On the boundary of the plasma, the collisions can no more be neglected. Fluid models, such as MagnetoHydroDynamics (MHD) become again relevant. For the good operation of the tokamak, it is necessary to control MHD instabilities that arise at the plasma boundary. Computing these instabilities requires special implicit numerical discretizations with excellent long time behavior.

In addition to theoretical modelling tools, it is necessary to develop numerical schemes adapted to kinetic, gyrokinetic and fluid models. Three kinds of methods are studied in TONUS: Particle-In-Cell (PIC) methods, semi-Lagrangian and fully Eulerian approaches.

3.2 Gyrokinetic models: theory and approximation

In most phenomena where oscillations are present, we can establish a three-model hierarchy: (i) the model parameterized by the oscillation period, (ii) the limit model and (iii) the two-scale model, possibly with its corrector. In a context where one wishes to simulate such a phenomenon where the oscillation period is small and the oscillation amplitude is not small, it is important to have numerical methods based on an approximation of the two-scale model. If the oscillation period varies significantly over the domain of simulation, it is important to have numerical methods that approximate properly and effectively the model parameterized by the oscillation period and the two-scale model. Implementing two-scale numerical methods (for instance by Frénod et al. 26) is based on a numerical approximation of the Two-Scale model. These are called of order 0. A Two-Scale Numerical Method is called of order 1 if it incorporates information from the corrector and from the equation of which this corrector is a solution. If the oscillation period varies between very small values and values of order 1, it is necessary to have new types of numerical schemes (Two-Scale Asymptotic Preserving Schemes of order 1 or TSAPS) that preserve the asymptotics between the model parameterized by the oscillation period and the Two-Scale model with its corrector. A first work in this direction has been initiated by Crouseilles et al. 23.

3.3 Semi-Lagrangian schemes

The Strasbourg team has a long and recognized experience in numerical methods for Vlasov-type equations. We are specialized in both particle and phase space solvers for the Vlasov equation: Particle-in-Cell (PIC) methods and semi-Lagrangian methods. We also have a long-standing collaboration with CEA Cadarache for the development of the GYSELA software for gyrokinetic tokamak plasmas.

The Vlasov and the gyrokinetic models are partial differential equations that express the transport of the distribution function in the phase space. In the original Vlasov case, the phase space is the six-dimension position-velocity space. For the gyrokinetic model, the phase space is five-dimensional because we consider only the parallel velocity in the direction of the magnetic field and the gyrokinetic angular velocity instead of three velocity components.

A few years ago, Eric Sonnendrücker and his collaborators introduced a new family of methods for solving transport equations in the phase space. This family of methods are the semi-Lagrangian methods. The principle of these methods is to solve the equation on a grid of the phase space. The grid points are transported with the flow of the transport equation for a time step and interpolated back periodically onto the initial grid. The method is then a mix of particle Lagrangian methods and Eulerian methods. The characteristics can be solved forward or backward in time leading to the Forward Semi-Lagrangian (FSL) or Backward Semi-Lagrangian (BSL) schemes. Conservative schemes based on this idea can be developed and are called Conservative Semi-Lagrangian (CSL).

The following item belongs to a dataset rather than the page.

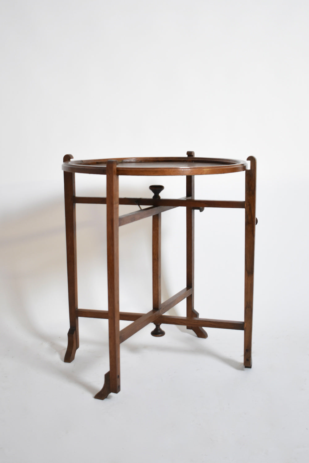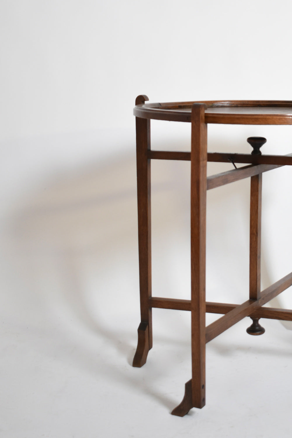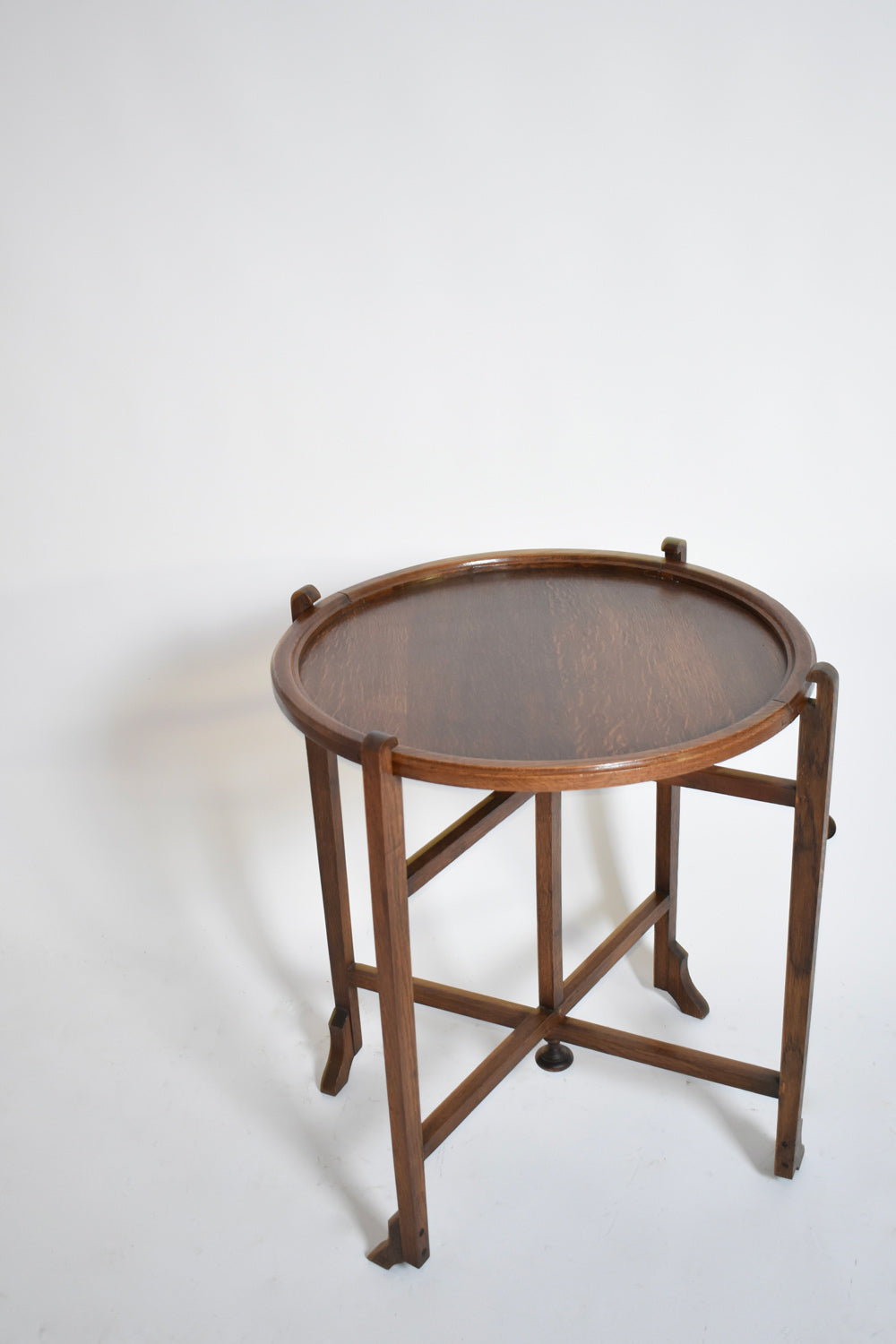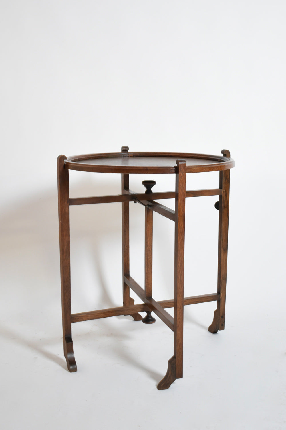 Arts & Crafts stained oak travel game tea side table with a cruciform folding base supporting a reversible circular top covered in green felt. Manufacturer's metal plaque (REVERTABLE - BRITISH MADE). England, 1910s.

GYSELA is a 5D full gyrokinetic code based on a classical backward semi-Lagrangian scheme (BSL) 32 for the simulation of core turbulence that has been developed at CEA Cadarache in collaboration with our team 27.

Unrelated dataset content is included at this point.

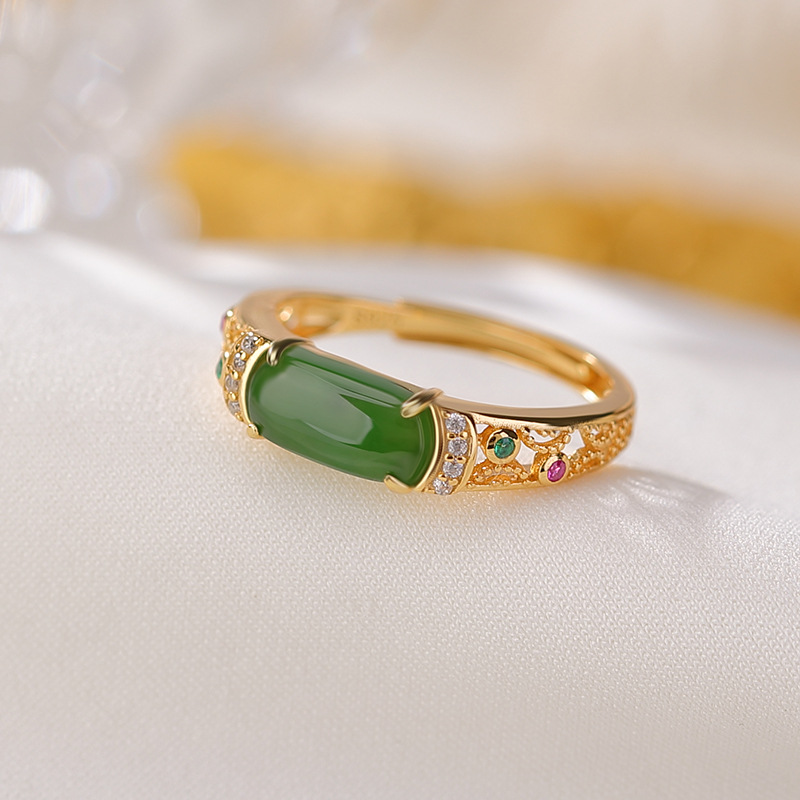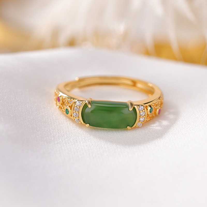 山予棠S925纯银镀金和田玉碧玉复古轻奢个性马鞍戒指时尚百搭指环

More recently, we have started to apply the semi-Lagrangian methods to more general kinetic equations. Indeed, most of the conservation laws of physics can be represented by a kinetic model with a small set of velocities Compressible fluids or MHD equations have such representations. Semi-Lagrangian methods then become a very appealing and efficient approach for solving these equations.

3.4 PIC methods

Historically PIC methods have been very popular for solving the Vlasov equations. They allow solving the equations in the phase space at a relatively low cost. The main disadvantage of this approach is that, due to its random aspect, it produces an important numerical noise that has to be controlled in some way, for instance by regularizations of the particles, or by divergence correction techniques in the Maxwell solver. We have a long-standing experience in PIC methods and we started implementing them in Selalib. An important aspect is to adapt the method to new multicore computers. See the work by Crestetto and Helluy 22.

3.5 Fluid and reduced kinetic models for plasmas

As already said, kinetic plasmas computer simulations are very intensive, because of the gyrokinetic turbulence. In some situations, it is possible to make assumptions on the shape of the distribution function that simplify the model. We obtain in this way a family of fluid or reduced models.

Assuming that the distribution function has a Maxwellian shape, for instance, we obtain the MagnetoHydroDynamic (MHD) model. It is physically valid only in some parts of the tokamak (at the edges for instance). The fluid model is generally obtained from the hypothesis that the collisions between particles are strong.

But the reduction is not necessarily a consequence of collisional effects. Indeed, even without collisions, the plasma may still relax to an equilibrium state over sufficiently long time scales (Landau damping effect).

In the fluid or reduced-kinetic regions, the approximation of the distribution function could require fewer data while still achieving a good representation, even in the collisionless regime.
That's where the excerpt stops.